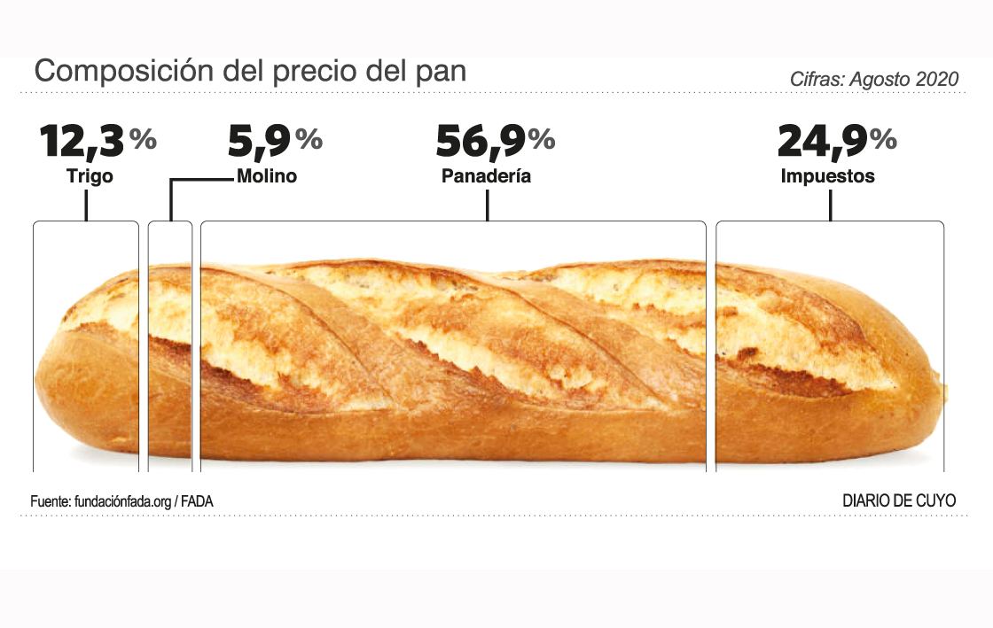 *El pan francés en agosto tuvo un precio de $107,50 por kilogramo (precio a nivel nacional), de ese precio el trigo representa el 12,3% del precio final ($13,27), el molino el 5,9% ($6,27), la panadería el 56,9% ($61,20) y los impuestos el 24,9% ($26,80).
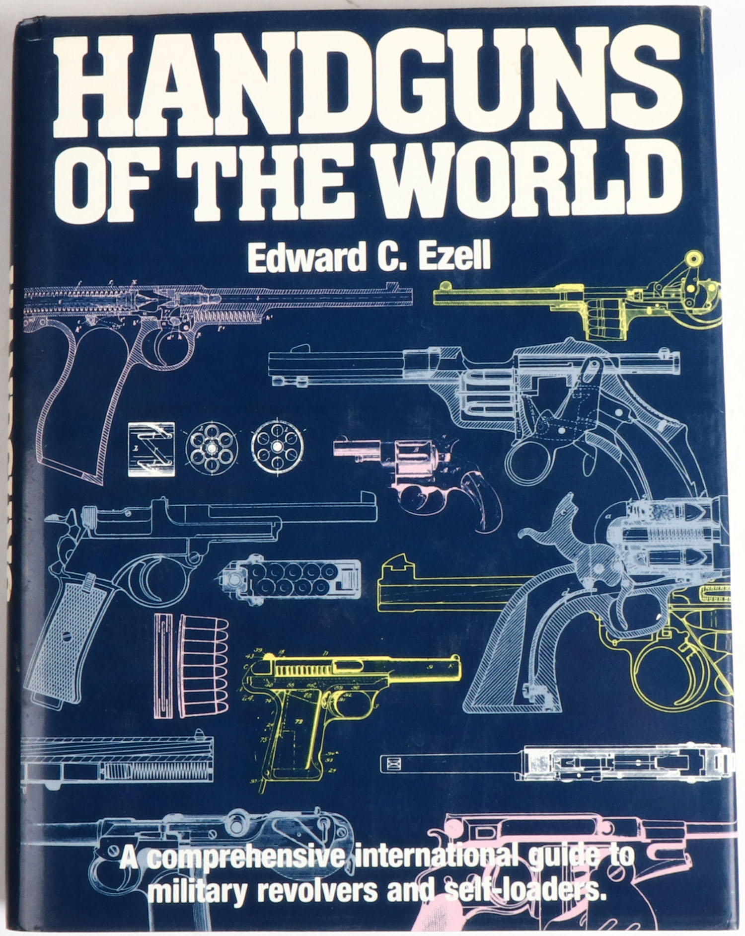 Handguns of the World: Military Revolvers and Self-Loaders from 1870 to 1945 by Edward C. Ezell, 8 1/2'' x 11''. 704 pages, pages clean, binding tight, hardcover and dustjacket excellent, b/w images. Value: $100 Grade: Excellent ++ - Value: 10 to 100
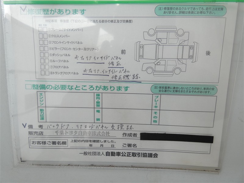 上記と同様の評価点・状態表を「車両検査証明書」として店舗の展示車両に搭載しております。
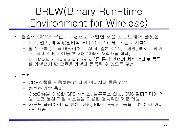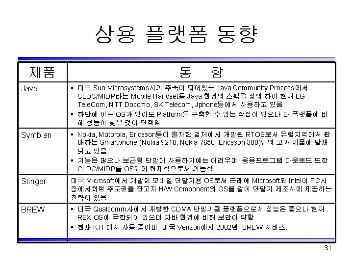 무선인터넷 플랫폼 기술동향 • 지원언어에 따른 분류 – Java(Mobile Java) : JAVA VM, SK-VM(XVM), Symbian – C, C++ : GVM, MAP, BREW, Stinger, Windows CE • 수행방법에 따른 분류 – Interpreter 방식(Virtual Machine : VM) • • Java VM KVM GVM(General Virtual Machine) XVM, SKVM – Binary 방식(Native 방식) • BREW • MAP 30
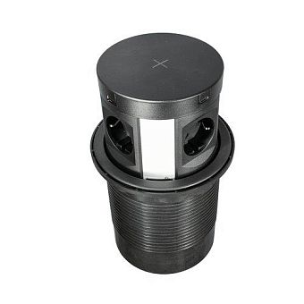 Блок розеток встр. круг. d120мм, 16А, 4 пост, черн., 2USB, 2Type-C, беспр. зарядка, провод 2м
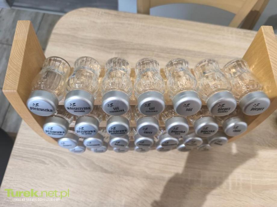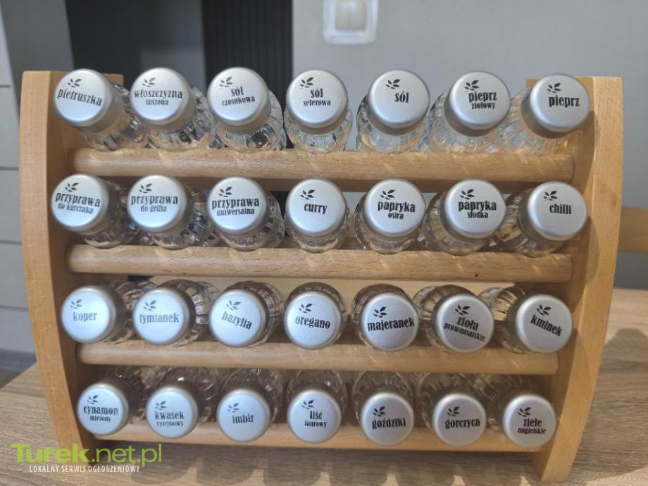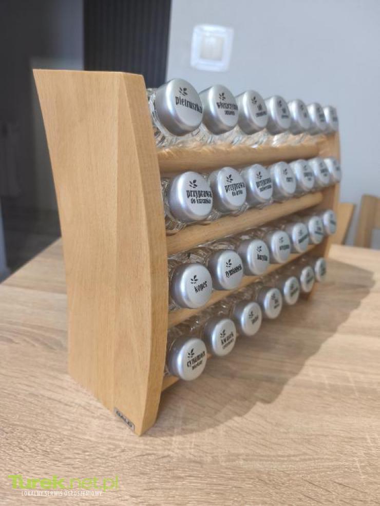 Praktyczny drewniany stojak na przyprawy, w którym znajduje się 28 szklanych pojemników na różne przyprawy. Stojak zapewnia wygodne przechowywanie i łatwy dostęp do potrzebnych przypraw w kuchni.Wycokość 27 szerokość 36cm. Używany w bardzo dobrym stanie.
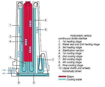 Autoclave vertical que transporta el envase por las diferentes columnas con las fases de esterilizacion
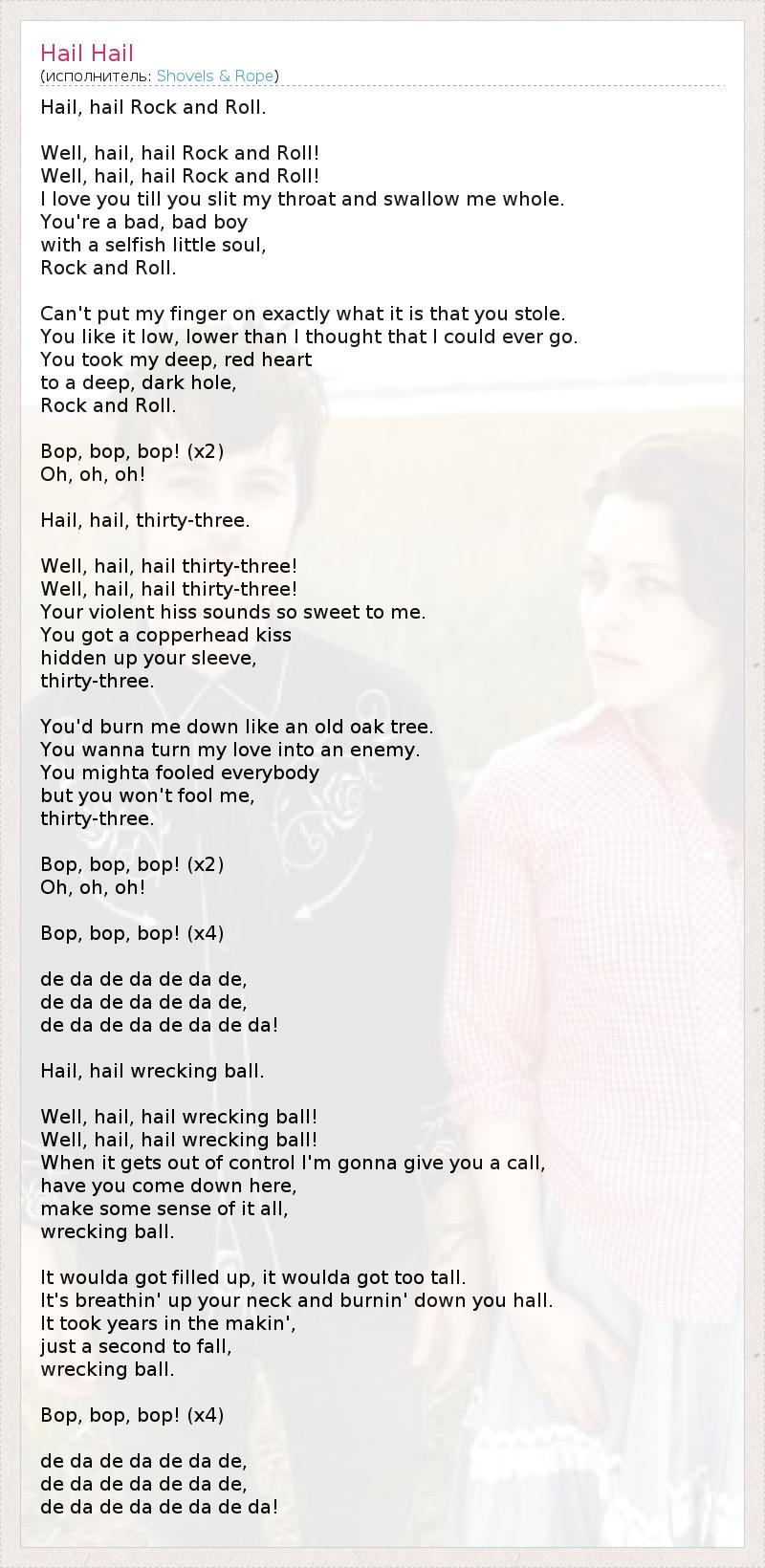Hail, hail Rock and Roll. Well, hail, hail Rock and Roll! Well, hail, hail Rock and Roll! I love you till you slit my throat and swallow me whole. You're a bad, bad boy with a selfish little soul, Rock and Roll. Can't put my finger on exactly what it is that you stole. You like it low, lower than I thought that I could ever go. You took my deep, red heart to a deep, dark hole, Rock and Roll. Bop, bop, bop! (x2) Oh, oh, oh! Hail, hail, thirty-three. Well, hail, hail thirty-three! Well, hail, hail thirty-three! Your violent hiss sounds so sweet to me. You got a copperhead kiss hidden up your sleeve, thirty-three. You'd burn me down like an old oak tree. You wanna turn my love into an enemy. You mighta fooled everybody but you won't fool me, thirty-three. Bop, bop, bop! (x2) Oh, oh, oh! Bop, bop, bop! (x4) de da de da de da de, de da de da de da de, de da de da de da de da! Hail, hail wrecking ball. Well, hail, hail wrecking ball! Well, hail, hail wrecking ball! When it gets out of control I'm gonna give you a call, have you come down here, make some sense of it all, wrecking ball. It woulda got filled up, it woulda got too tall. It's breathin' up your neck and burnin' down you hall. It took years in the makin', just a second to fall, wrecking ball. Bop, bop, bop! (x4) de da de da de da de, de da de da de da de, de da de da de da de da!
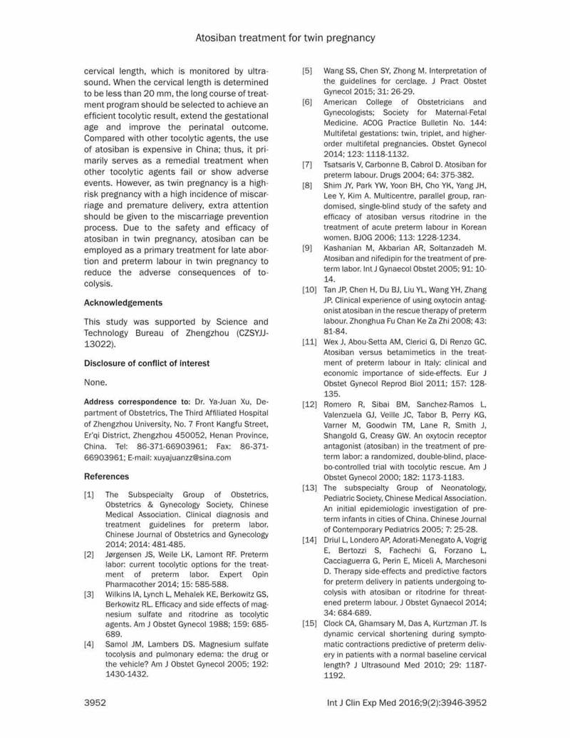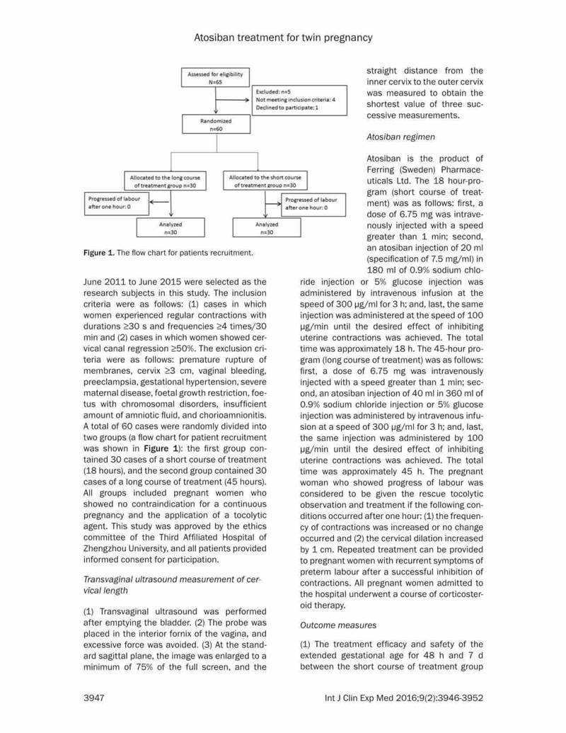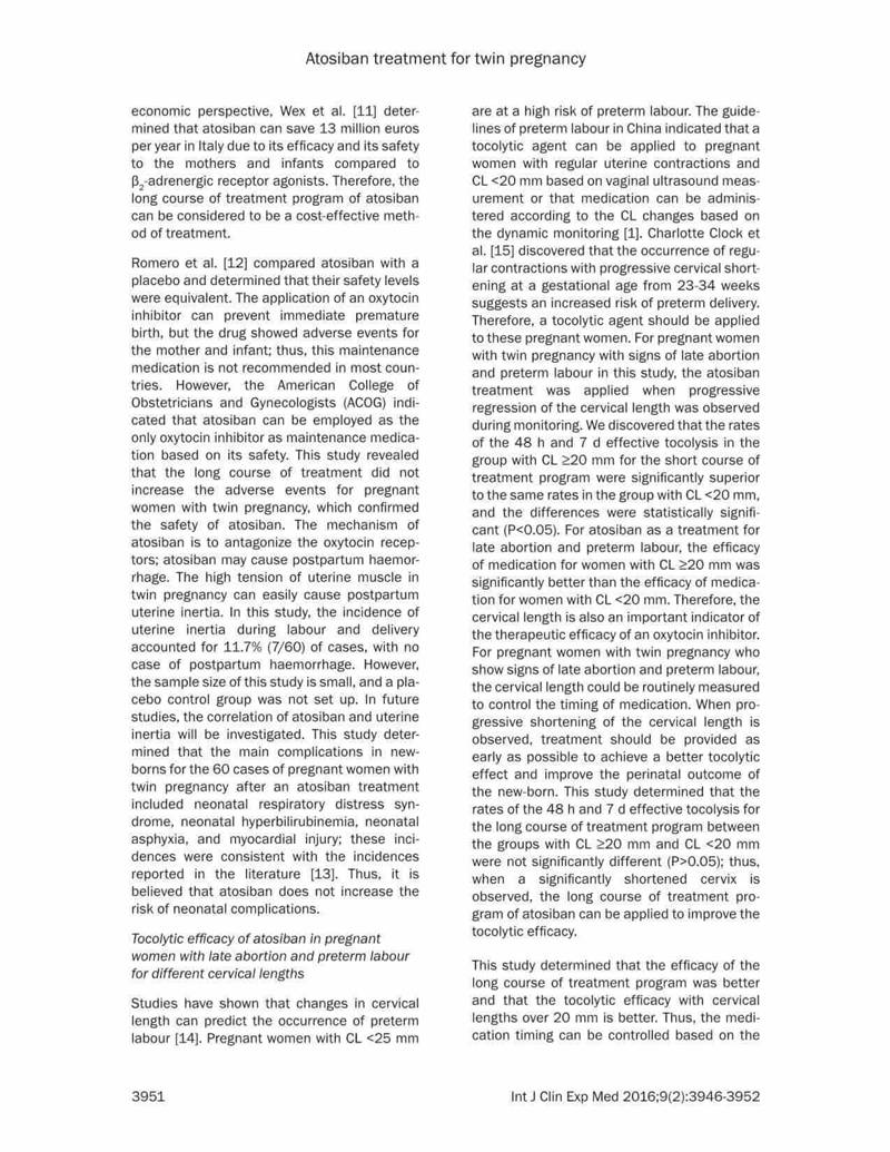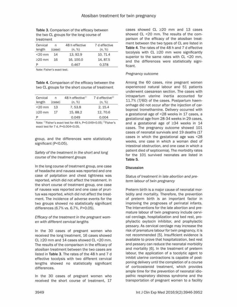 結(jié)論:阿托西班可有效延長晚期流產(chǎn)以及早產(chǎn)的雙胎妊娠的妊娠時間。對于宮頸長度<20mm的病例,長療程治療更有效,效果更好。長期治療不會增加母嬰的不良反應(yīng)。
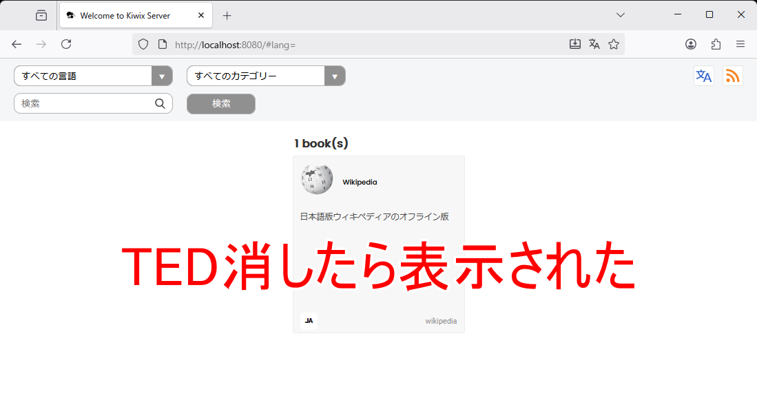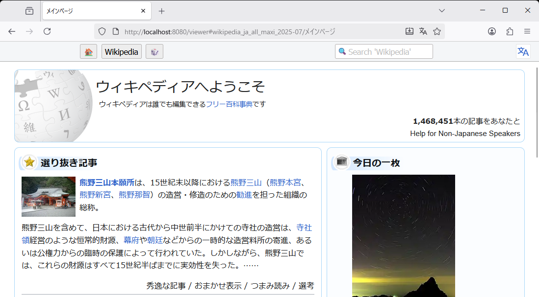 ブラウザで「http://localhost:8080」にアクセスすれば、Kiwixのデータが表示されます。
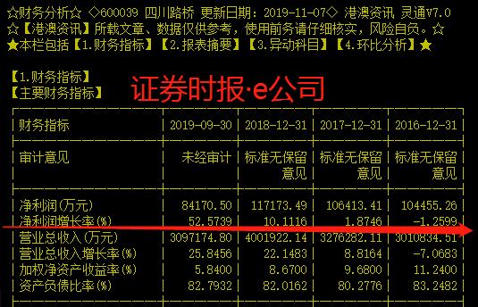 从业绩层面来看,2019年前三季度,四川路桥完成营业收入309.72亿元,同比增长25.85%;实现净利润8.42亿元,同比增长52.57%。证券时报·e公司记者了解到,四川路桥及下属公司2019年12月中标工程施工项目48个,中标合同金额约323.18亿元。截至2019年12月31日,四川路桥2019年度累计中标工程施工项目174个,累计中标金额约545.53亿元。
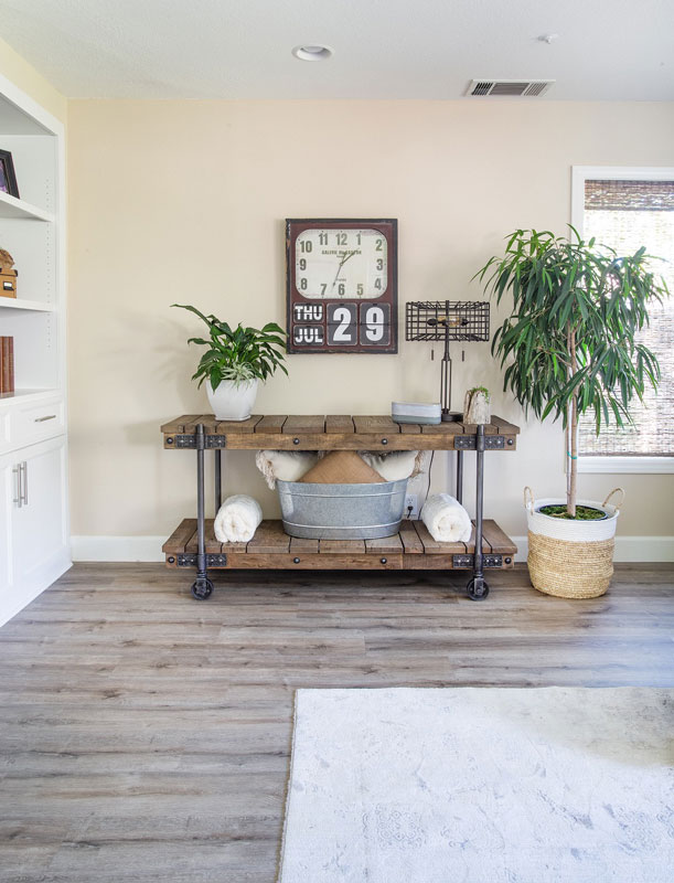 Farm cart can be easily rolled away from shelves & storage cabinets for ease of access
____________
Exercise
Strip out the pictures and reproduce the remaining material above exactly.

Solved exercise
 *El pan francés en agosto tuvo un precio de $107,50 por kilogramo (precio a nivel nacional), de ese precio el trigo representa el 12,3% del precio final ($13,27), el molino el 5,9% ($6,27), la panadería el 56,9% ($61,20) y los impuestos el 24,9% ($26,80).
 Handguns of the World: Military Revolvers and Self-Loaders from 1870 to 1945 by Edward C. Ezell, 8 1/2'' x 11''. 704 pages, pages clean, binding tight, hardcover and dustjacket excellent, b/w images. Value: $100 Grade: Excellent ++ - Value: 10 to 100
 上記と同様の評価点・状態表を「車両検査証明書」として店舗の展示車両に搭載しております。
 무선인터넷 플랫폼 기술동향 • 지원언어에 따른 분류 – Java(Mobile Java) : JAVA VM, SK-VM(XVM), Symbian – C, C++ : GVM, MAP, BREW, Stinger, Windows CE • 수행방법에 따른 분류 – Interpreter 방식(Virtual Machine : VM) • • Java VM KVM GVM(General Virtual Machine) XVM, SKVM – Binary 방식(Native 방식) • BREW • MAP 30
 Блок розеток встр. круг. d120мм, 16А, 4 пост, черн., 2USB, 2Type-C, беспр. зарядка, провод 2м
 Praktyczny drewniany stojak na przyprawy, w którym znajduje się 28 szklanych pojemników na różne przyprawy. Stojak zapewnia wygodne przechowywanie i łatwy dostęp do potrzebnych przypraw w kuchni.Wycokość 27 szerokość 36cm. Używany w bardzo dobrym stanie.
 Autoclave vertical que transporta el envase por las diferentes columnas con las fases de esterilizacion
Hail, hail Rock and Roll. Well, hail, hail Rock and Roll! Well, hail, hail Rock and Roll! I love you till you slit my throat and swallow me whole. You're a bad, bad boy with a selfish little soul, Rock and Roll. Can't put my finger on exactly what it is that you stole. You like it low, lower than I thought that I could ever go. You took my deep, red heart to a deep, dark hole, Rock and Roll. Bop, bop, bop! (x2) Oh, oh, oh! Hail, hail, thirty-three. Well, hail, hail thirty-three! Well, hail, hail thirty-three! Your violent hiss sounds so sweet to me. You got a copperhead kiss hidden up your sleeve, thirty-three. You'd burn me down like an old oak tree. You wanna turn my love into an enemy. You mighta fooled everybody but you won't fool me, thirty-three. Bop, bop, bop! (x2) Oh, oh, oh! Bop, bop, bop! (x4) de da de da de da de, de da de da de da de, de da de da de da de da! Hail, hail wrecking ball. Well, hail, hail wrecking ball! Well, hail, hail wrecking ball! When it gets out of control I'm gonna give you a call, have you come down here, make some sense of it all, wrecking ball. It woulda got filled up, it woulda got too tall. It's breathin' up your neck and burnin' down you hall. It took years in the makin', just a second to fall, wrecking ball. Bop, bop, bop! (x4) de da de da de da de, de da de da de da de, de da de da de da de da!
 結(jié)論:阿托西班可有效延長晚期流產(chǎn)以及早產(chǎn)的雙胎妊娠的妊娠時間。對于宮頸長度<20mm的病例,長療程治療更有效,效果更好。長期治療不會增加母嬰的不良反應(yīng)。
 ブラウザで「http://localhost:8080」にアクセスすれば、Kiwixのデータが表示されます。
 从业绩层面来看,2019年前三季度,四川路桥完成营业收入309.72亿元,同比增长25.85%;实现净利润8.42亿元,同比增长52.57%。证券时报·e公司记者了解到,四川路桥及下属公司2019年12月中标工程施工项目48个,中标合同金额约323.18亿元。截至2019年12月31日,四川路桥2019年度累计中标工程施工项目174个,累计中标金额约545.53亿元。
 Farm cart can be easily rolled away from shelves & storage cabinets for ease of access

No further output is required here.